Ülkemizdeki 14 bini aşkın eczacıyı ve eczane sahibi meslektaşlarımızın yaklaşık %40’nı temsil eden, İstanbul, Ankara ve İzmir Eczacı Odaları olarak yayımladığımız bu deklarasyonun amacı, başta İlaç Takip Sistemi olmak üzere, son dönemde ilaç ve eczacılık alanında giderek daha da yakıcı hale gelen sorunlarımıza dikkat çekmek, çözüm önerilerini gündeme taşımak ve katkıda bulunmaktır.
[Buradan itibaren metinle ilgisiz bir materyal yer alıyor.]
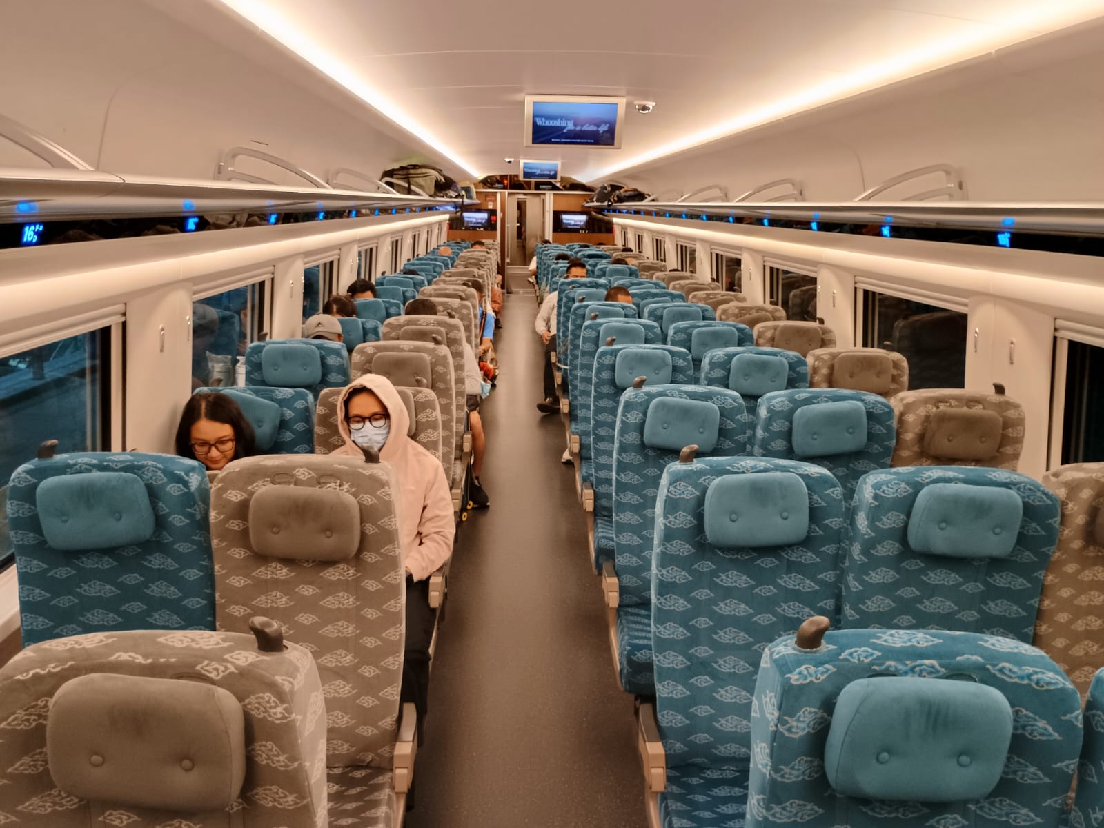 Tu stovku kilometrů prolétneme za pouhou půlhodinu. Na většině trati ukazuje displej cestovní tempo v rozmezí 333 až 344 km/h, zhruba na dvě minuty strojvůdce vytáhne rychlost až ke 350 km/h. Whoosh je nejen bleskově rychlý, ale taky zářivě čistý. Záhy pochopíme proč: je totiž plný uklízečů.

Bilindiği üzere; 01.01.2011 tarihinde yürürlüğe girmesi planlanan İTS uygulaması, Sağlık Bakanlığı tarafından yayımlanan genelge ile tüm eksiklikleri ve bilinmezleri ısrarla görmezden gelinerek 01.06.2010 tarihine çekilmiştir. 16 Mayıs 2010 sabahı bizlerle birlikte hastalarımızın da yaşayacağı kaos ortamı düşünüldüğünde meslektaşlarımızın bir kez daha umutsuzluğa kapılmasına engel olmayı mesleki bir sorumluluk olarak görmekteyiz. Bu nedenle, TEB Merkez Heyeti içinde bulunduğu sessizlik ortamından biran önce çıkarak, meslektaşlarımıza ivedilikle açıklama yapmalı ve sorunun çözümüne yönelik somut adımlar atmalıdır.
Öte yandan ;
Konu ile ilgili olarak 17 Nisan 2010 tarihinde, Sağlık Bakanlığı İlaç ve Eczacılık Genel Müdürlüğü tarafından yayımlanan 2010/ 24 nolu genelgede taraf olarak ismi dahi anılmayan üst birliğimizin, daha önce ortaya koyduğu 7 maddelik olmazsa olmaz taleplerin birçoğu henüz karşılanmamıştır. Buna rağmen inatla İTS’ ye geçilmesi durumunda, örgüt olarak nasıl bir yol izleyeceğimiz hakkında eczacı kamuoyunun bilgilendirilmesi gerekmektedir.
4 Aralık sürecinde eczanelerde yaşanan büyük kayıpların telafisi sağlanamadığı gibi, eczacıların uğradığı stok zararlarının karşılanması, üretici firmaların keyfiyetine bırakılmıştır. Eczane kapatma eyleminin başlıca gerekçeleri olan, stok zararlarının yasal teminat altına alınması, “eczacı meslek hakkı", eczacı kar oranlarının iyileştirilmesi gibi konuların, bugün TEB gündeminden kalkmış olması, geleceğe güvenle bakmak isteyen meslektaşlarımızın endişelerini artırmaktadır.
Ayrıca;
* İlacın eczane dışına çıkmasının ilk adımı olan OTC ile ilgili yasal düzenlemeler gündemde iken, reçetesiz ilaçların reklamına olanak sağlayan girişimler bütün hızıyla sürerken,
* Kamu hastanelerinden verilen ilaç ve sağlık hizmetinin özelleştirilmesinin önünü açacak olan "Kamu Hastane Birlikleri" yasa tasarısı meclis gündemine gelmişken,
* Eczacıyı yok sayan, eczaneyi ilaç satış yeri olarak tanımlayan “İlaç ve Tıbbi Cihaz Kurumu" yasa tasarısının yıl sonuna kadar yasalaşması planlanırken,
salt olarak İTS gibi gündemlerin öne çıkarılması, ilaç-eczacılık ve sağlık hizmetlerinin yeniden şekillenmesini sağlayacak olan bu gelişmelerin üzerine çalışma yapılmasını engellemektedir.
Sonuç Olarak;
Üst örgütümüzden beklentimiz,
meslektaşlarımızın haklı kaygılarını giderecek şekilde yaşadığımız bu sessizliğe ivedilikle son verilmesidir. Yukarıda yer alan sorunlarımızla ilgili olarak daha fazla vakit kaybedilmeden gerekli iradenin ortaya konulmasının önemine bir kez daha dikkat çekiyoruz.
İstanbul, Ankara ve İzmir Eczacı Odaları olarak mesleğimizi ve geleceğimizi tehdit eden girişimlerin karşısında duracağımızı, bu konuda çözüme katkı koymak adına her türlü görev ve sorumluluğu alma kararlılığında olduğumuzu eczacı kamuoyuna deklare ediyoruz.